----- Provided data

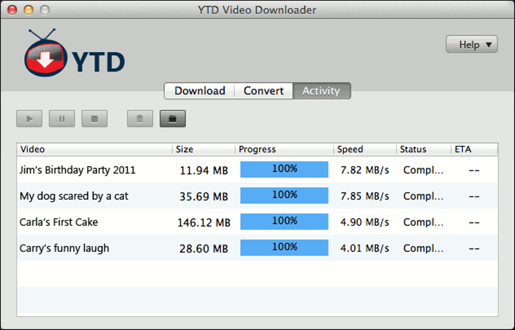 Beyond monitoring, the “Activity” tab also facilitates convenient post-download actions. Users can directly play back downloaded videos using YTD’s integrated media player or open them with their system’s default player. A practical right-click context menu offers quick access to essential file management options such as deleting files, stopping/pausing active downloads, and renaming videos. This comprehensive control within a unified interface significantly enhances productivity, transforming YTD for Mac into a complete solution for both acquiring and managing video content.
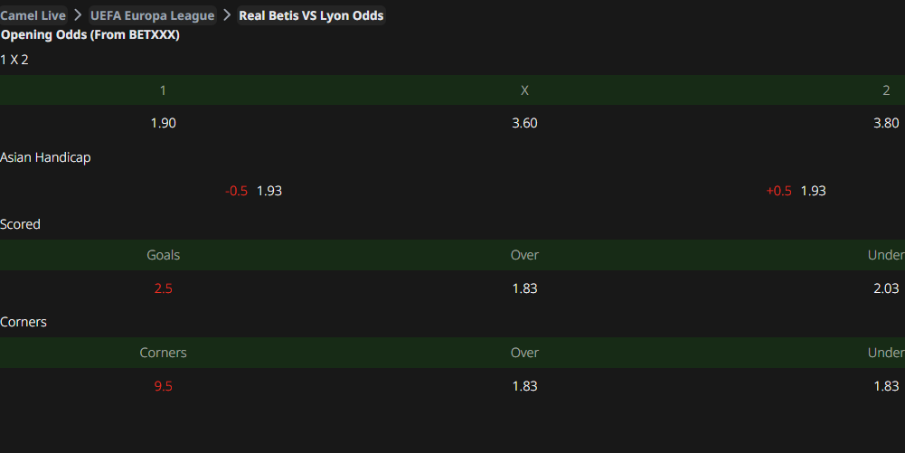 UEFA Europa League : Real Betis vs Lyon Prediction & Betting Tips
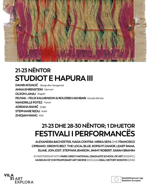 Ruani datat për sesionin e tretë të Studiove të Hapura dhe Festivalin e Performancës në Vilën 31 x Art Explora!
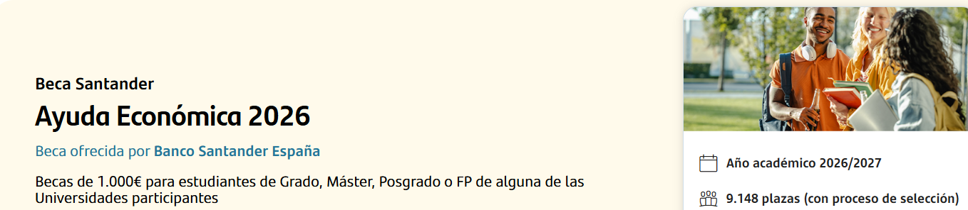 124 becas de 1.000€ para hacer de tus estudios aún más grandes. Si eres estudiante de FP Superior, Grado, Máster o Posgrado para el curso académico 2026/2027 podrás optar a ellas; consulta las bases de la Convocatoria.

----------

Would you give the data above again word for word, skipping any images?

 Beyond monitoring, the “Activity” tab also facilitates convenient post-download actions. Users can directly play back downloaded videos using YTD’s integrated media player or open them with their system’s default player. A practical right-click context menu offers quick access to essential file management options such as deleting files, stopping/pausing active downloads, and renaming videos. This comprehensive control within a unified interface significantly enhances productivity, transforming YTD for Mac into a complete solution for both acquiring and managing video content.
 UEFA Europa League : Real Betis vs Lyon Prediction & Betting Tips
 Ruani datat për sesionin e tretë të Studiove të Hapura dhe Festivalin e Performancës në Vilën 31 x Art Explora!
 124 becas de 1.000€ para hacer de tus estudios aún más grandes. Si eres estudiante de FP Superior, Grado, Máster o Posgrado para el curso académico 2026/2027 podrás optar a ellas; consulta las bases de la Convocatoria.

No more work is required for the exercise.